Tag: Avtex

Key Components of A Digital Front Door Healthcare Experience Strategy

Mike Pietig

By Mike Pietig, vice president of healthcare experience, Avtex Solutions.

Many healthcare organizations today offer a multichannel engagement approach, presenting online and mobile access to services and even care. Adopting digital channels is a great first step toward meeting your consumers’ expectations, but is just the starting point.

Consumers today expect to be given choice in their healthcare engagement and care channels – via mobile app, on their computer, over the phone, in person – and they want these interactions to feed into a connected, seamless omnichannel experience that is simple, intuitive, and personalized to their needs.
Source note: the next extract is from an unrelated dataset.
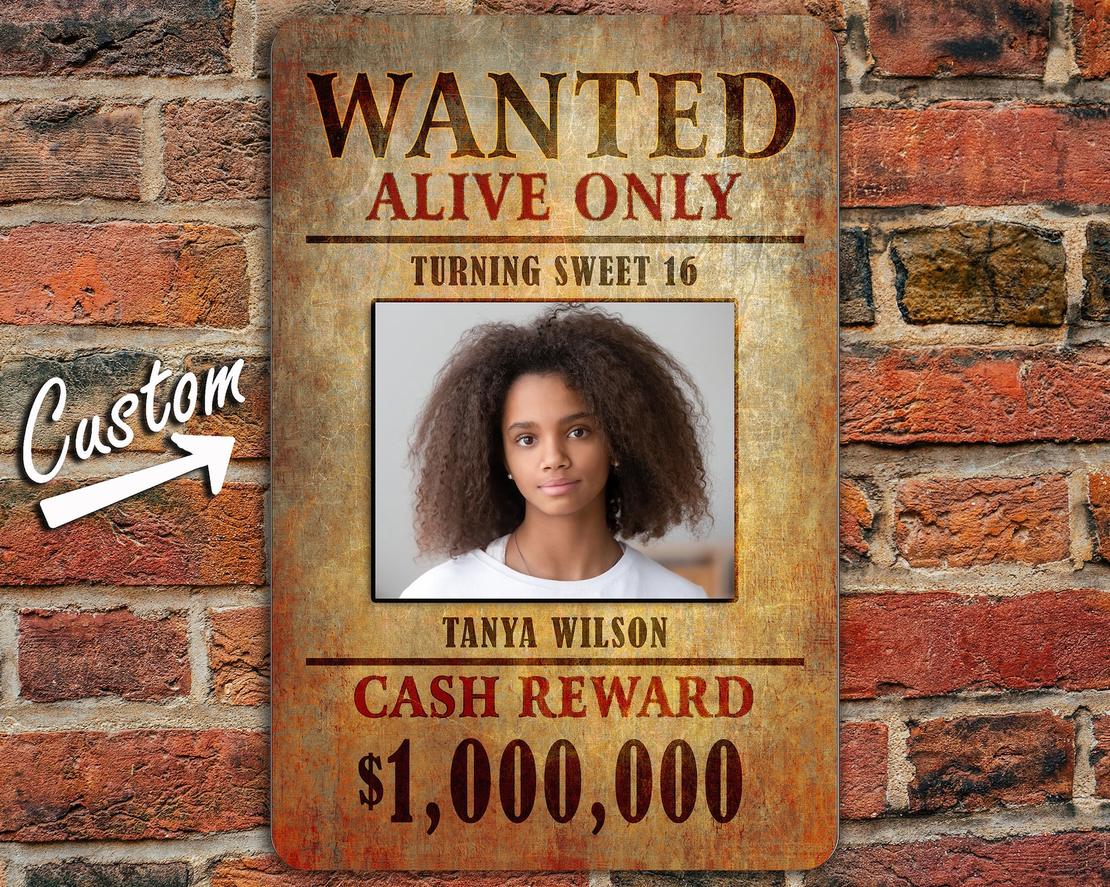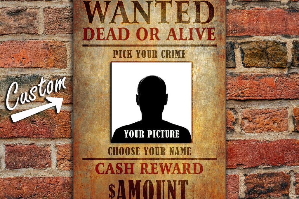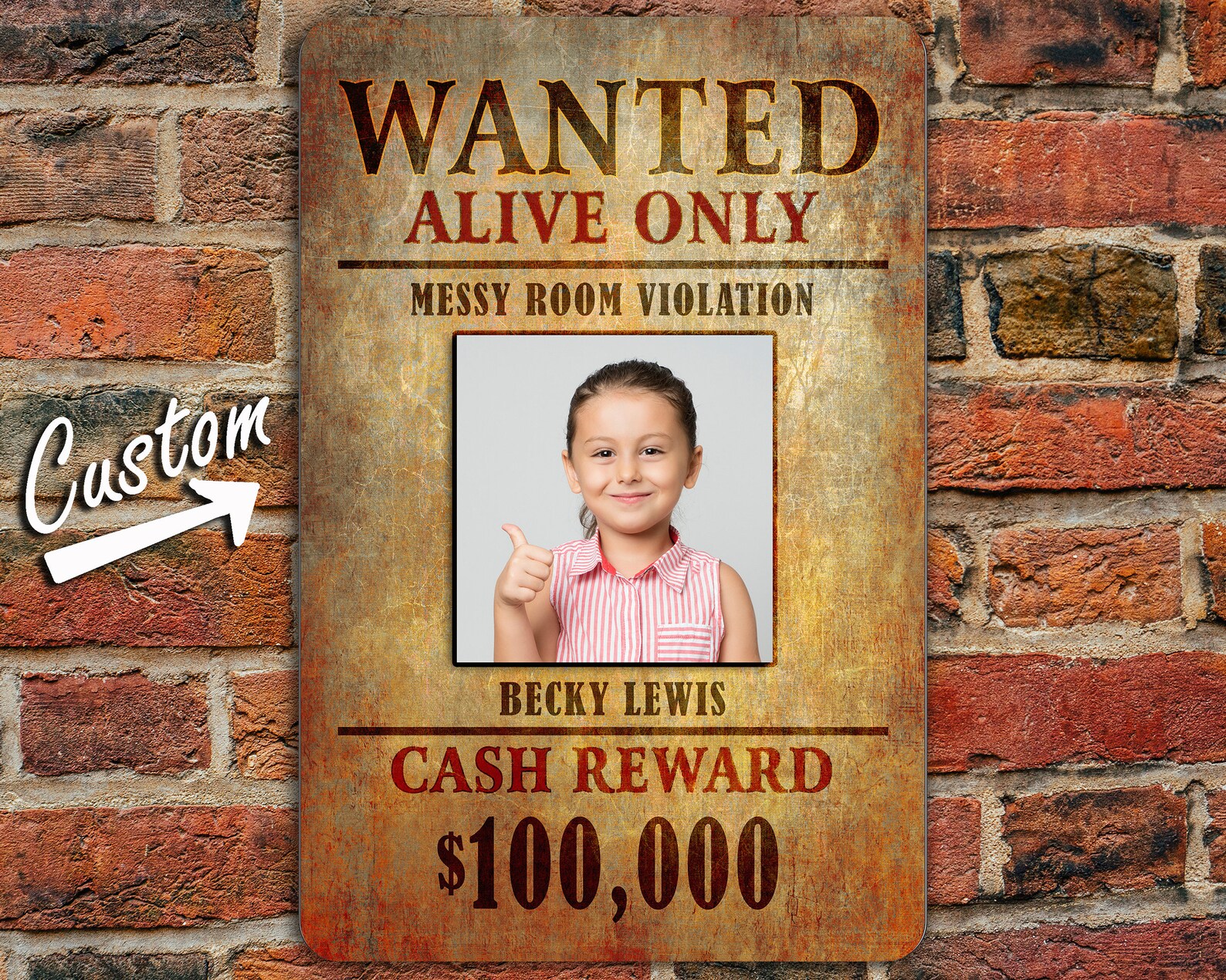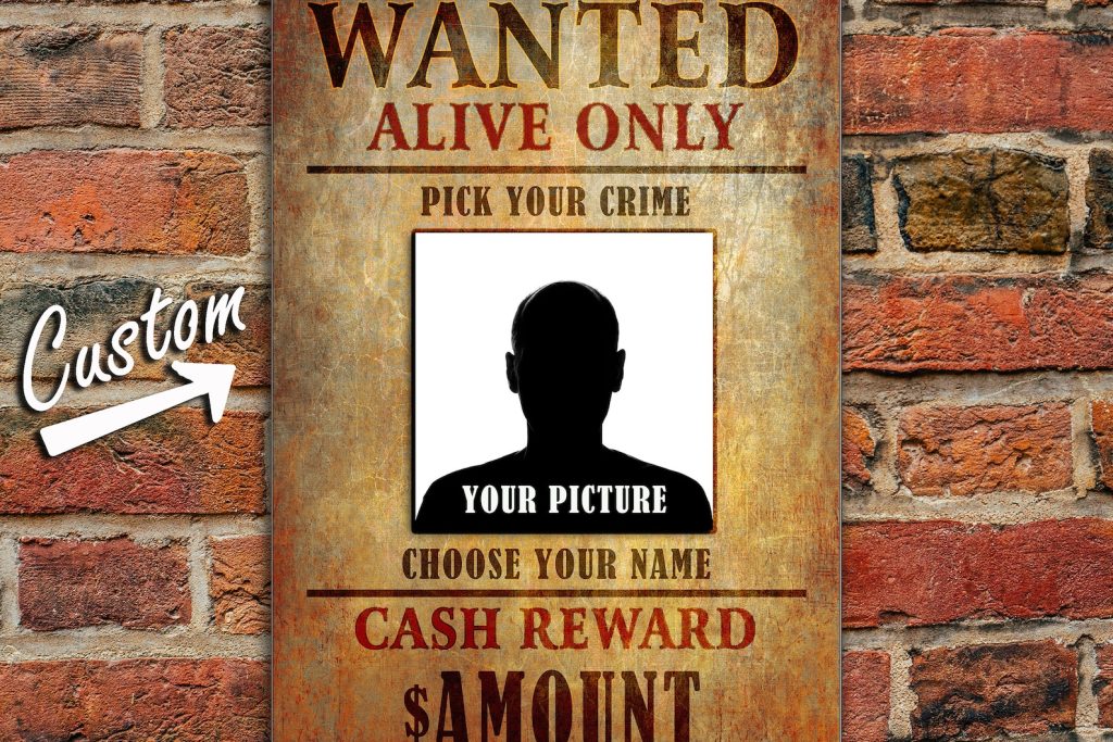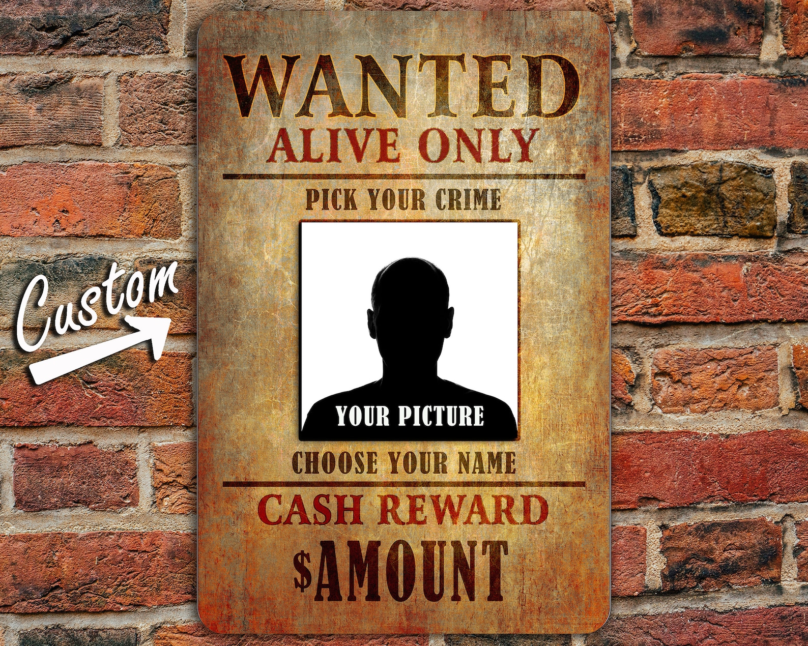 Personalized Wanted Sign. Customize this sign with a photo, choose a crime, add a name, and pick a reward amount! This sign can be given to almost anybody, from kids to pets! Use your imagination and make someone9;s day with this unique one-of-a-kind gift! The antique design will look great anywhere you choose to hang it!

Today’s digitally integrated economy requires an approach to healthcare that puts consumers’ needs first and engages them at every relevant touchpoint along their journey.
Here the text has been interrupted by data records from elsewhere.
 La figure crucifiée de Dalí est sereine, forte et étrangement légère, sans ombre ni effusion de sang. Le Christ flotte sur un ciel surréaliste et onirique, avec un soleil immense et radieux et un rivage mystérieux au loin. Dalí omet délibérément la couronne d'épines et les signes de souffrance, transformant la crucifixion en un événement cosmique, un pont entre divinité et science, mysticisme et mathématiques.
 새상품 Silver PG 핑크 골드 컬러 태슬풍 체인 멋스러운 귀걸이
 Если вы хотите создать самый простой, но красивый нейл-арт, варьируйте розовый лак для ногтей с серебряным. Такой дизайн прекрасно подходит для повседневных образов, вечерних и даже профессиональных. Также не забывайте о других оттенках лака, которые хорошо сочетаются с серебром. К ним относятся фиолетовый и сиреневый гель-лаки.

Many healthcare organizations are turning to a digital front door to facilitate this kind of digitally optimized, omnichannel experience. A digital front door sets the foundation for a stronger, more consistent omnichannel experience that enhances every connection, increases loyalty, reduces friction, and drives competitive advantage.

Our healthcare experience experts have identified the five components needed to build a Digital Front Door strategy that meets consumer expectations and strengthens the omnichannel healthcare experience:

1. Alignment

At Avtex, we often talk about the need to define your “North Star” to ensure that every aspect of the consumer journey aligns with your organizations’ overarching philosophy of the best possible experience. A Digital Front Door ensures there is alignment with this desired healthcare experience, from goals to governance.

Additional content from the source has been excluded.